=== Begin Enclosure ===

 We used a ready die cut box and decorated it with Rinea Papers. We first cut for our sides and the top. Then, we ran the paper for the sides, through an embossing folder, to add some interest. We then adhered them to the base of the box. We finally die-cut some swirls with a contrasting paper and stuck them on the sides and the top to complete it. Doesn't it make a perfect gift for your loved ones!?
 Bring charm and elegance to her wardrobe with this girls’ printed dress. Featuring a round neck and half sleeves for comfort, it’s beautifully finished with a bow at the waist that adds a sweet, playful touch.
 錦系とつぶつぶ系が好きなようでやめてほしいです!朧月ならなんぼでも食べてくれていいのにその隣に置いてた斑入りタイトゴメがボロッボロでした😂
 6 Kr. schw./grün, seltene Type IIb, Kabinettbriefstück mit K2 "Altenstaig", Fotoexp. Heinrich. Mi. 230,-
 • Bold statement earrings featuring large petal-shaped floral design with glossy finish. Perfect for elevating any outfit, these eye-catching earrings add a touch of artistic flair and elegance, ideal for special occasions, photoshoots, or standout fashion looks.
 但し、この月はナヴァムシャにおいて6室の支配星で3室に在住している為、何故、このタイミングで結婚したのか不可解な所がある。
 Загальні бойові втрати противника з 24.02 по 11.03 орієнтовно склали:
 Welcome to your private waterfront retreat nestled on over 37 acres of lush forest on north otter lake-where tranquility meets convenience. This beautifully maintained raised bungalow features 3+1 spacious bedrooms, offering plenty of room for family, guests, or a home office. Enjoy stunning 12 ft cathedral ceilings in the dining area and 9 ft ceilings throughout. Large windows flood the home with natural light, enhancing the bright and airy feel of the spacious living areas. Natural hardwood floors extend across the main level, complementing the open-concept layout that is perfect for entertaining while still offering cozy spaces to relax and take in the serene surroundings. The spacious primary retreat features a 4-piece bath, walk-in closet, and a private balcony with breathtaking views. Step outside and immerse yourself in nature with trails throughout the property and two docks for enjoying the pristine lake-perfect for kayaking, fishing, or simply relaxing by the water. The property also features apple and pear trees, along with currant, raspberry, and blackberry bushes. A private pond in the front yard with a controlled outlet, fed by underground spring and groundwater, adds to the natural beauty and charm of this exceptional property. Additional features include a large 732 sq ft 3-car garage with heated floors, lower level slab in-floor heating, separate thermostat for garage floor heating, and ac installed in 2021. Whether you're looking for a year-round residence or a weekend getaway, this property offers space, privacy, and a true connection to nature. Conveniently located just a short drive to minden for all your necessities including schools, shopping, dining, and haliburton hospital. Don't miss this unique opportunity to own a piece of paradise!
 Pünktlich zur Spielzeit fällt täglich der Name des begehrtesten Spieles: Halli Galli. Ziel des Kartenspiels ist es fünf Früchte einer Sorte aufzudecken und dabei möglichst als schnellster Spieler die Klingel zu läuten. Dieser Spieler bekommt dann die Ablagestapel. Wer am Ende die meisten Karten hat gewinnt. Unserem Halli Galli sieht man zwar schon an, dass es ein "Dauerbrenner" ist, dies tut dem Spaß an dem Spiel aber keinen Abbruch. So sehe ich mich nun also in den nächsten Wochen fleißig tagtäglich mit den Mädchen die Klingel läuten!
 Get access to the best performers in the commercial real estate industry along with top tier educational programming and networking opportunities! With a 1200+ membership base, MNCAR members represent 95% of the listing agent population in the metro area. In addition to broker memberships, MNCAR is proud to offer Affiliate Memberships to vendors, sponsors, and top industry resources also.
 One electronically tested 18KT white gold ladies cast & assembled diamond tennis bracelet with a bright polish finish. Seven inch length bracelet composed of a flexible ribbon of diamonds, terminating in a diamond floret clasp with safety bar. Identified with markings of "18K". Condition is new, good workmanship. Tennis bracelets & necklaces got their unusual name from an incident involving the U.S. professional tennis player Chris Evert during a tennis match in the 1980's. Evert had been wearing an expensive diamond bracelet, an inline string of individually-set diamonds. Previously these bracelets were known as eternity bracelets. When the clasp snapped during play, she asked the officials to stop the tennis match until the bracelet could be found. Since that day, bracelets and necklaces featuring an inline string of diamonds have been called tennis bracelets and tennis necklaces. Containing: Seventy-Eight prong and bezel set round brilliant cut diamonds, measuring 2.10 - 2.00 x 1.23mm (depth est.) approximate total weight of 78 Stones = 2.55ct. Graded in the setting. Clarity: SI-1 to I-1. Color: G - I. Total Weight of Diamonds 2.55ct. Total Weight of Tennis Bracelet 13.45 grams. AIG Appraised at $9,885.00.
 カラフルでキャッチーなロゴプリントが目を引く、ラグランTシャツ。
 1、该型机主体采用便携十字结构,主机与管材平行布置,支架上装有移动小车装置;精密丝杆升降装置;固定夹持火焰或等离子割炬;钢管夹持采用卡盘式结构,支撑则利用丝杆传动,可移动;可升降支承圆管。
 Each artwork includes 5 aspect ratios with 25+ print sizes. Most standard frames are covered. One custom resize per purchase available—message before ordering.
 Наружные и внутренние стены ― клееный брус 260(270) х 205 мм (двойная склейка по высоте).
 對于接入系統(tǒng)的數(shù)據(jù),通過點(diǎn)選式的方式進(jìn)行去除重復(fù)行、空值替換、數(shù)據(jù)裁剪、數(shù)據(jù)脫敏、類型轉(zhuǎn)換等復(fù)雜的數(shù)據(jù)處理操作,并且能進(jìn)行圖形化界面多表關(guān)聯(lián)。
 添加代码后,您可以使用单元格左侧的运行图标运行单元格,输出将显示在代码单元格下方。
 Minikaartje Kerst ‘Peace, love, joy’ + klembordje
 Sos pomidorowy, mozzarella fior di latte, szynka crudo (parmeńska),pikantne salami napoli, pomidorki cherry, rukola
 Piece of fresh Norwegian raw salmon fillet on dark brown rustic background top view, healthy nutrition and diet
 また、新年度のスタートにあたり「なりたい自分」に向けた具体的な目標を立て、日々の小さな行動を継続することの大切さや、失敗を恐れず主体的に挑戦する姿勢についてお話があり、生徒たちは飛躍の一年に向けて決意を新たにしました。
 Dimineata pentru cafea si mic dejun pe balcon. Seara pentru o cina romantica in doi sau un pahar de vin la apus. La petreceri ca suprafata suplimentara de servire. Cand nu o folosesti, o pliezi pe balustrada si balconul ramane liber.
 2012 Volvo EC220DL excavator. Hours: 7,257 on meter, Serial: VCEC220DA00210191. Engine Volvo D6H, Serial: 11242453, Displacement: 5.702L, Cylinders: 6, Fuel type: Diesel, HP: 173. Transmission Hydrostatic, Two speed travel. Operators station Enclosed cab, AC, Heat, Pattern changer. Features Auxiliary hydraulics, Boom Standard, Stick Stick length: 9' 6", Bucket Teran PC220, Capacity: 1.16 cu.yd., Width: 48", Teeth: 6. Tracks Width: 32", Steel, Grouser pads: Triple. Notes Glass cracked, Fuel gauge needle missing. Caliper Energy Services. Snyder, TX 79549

=== End Enclosure ===

## Task to complete
Copy verbatim the span of lines that begins with the line holding "添加代码后,您可以使用单元格" and ends at the last line of the records.

## Result
 添加代码后,您可以使用单元格左侧的运行图标运行单元格,输出将显示在代码单元格下方。
 Minikaartje Kerst ‘Peace, love, joy’ + klembordje
 Sos pomidorowy, mozzarella fior di latte, szynka crudo (parmeńska),pikantne salami napoli, pomidorki cherry, rukola
 Piece of fresh Norwegian raw salmon fillet on dark brown rustic background top view, healthy nutrition and diet
 また、新年度のスタートにあたり「なりたい自分」に向けた具体的な目標を立て、日々の小さな行動を継続することの大切さや、失敗を恐れず主体的に挑戦する姿勢についてお話があり、生徒たちは飛躍の一年に向けて決意を新たにしました。
 Dimineata pentru cafea si mic dejun pe balcon. Seara pentru o cina romantica in doi sau un pahar de vin la apus. La petreceri ca suprafata suplimentara de servire. Cand nu o folosesti, o pliezi pe balustrada si balconul ramane liber.
 2012 Volvo EC220DL excavator. Hours: 7,257 on meter, Serial: VCEC220DA00210191. Engine Volvo D6H, Serial: 11242453, Displacement: 5.702L, Cylinders: 6, Fuel type: Diesel, HP: 173. Transmission Hydrostatic, Two speed travel. Operators station Enclosed cab, AC, Heat, Pattern changer. Features Auxiliary hydraulics, Boom Standard, Stick Stick length: 9' 6", Bucket Teran PC220, Capacity: 1.16 cu.yd., Width: 48", Teeth: 6. Tracks Width: 32", Steel, Grouser pads: Triple. Notes Glass cracked, Fuel gauge needle missing. Caliper Energy Services. Snyder, TX 79549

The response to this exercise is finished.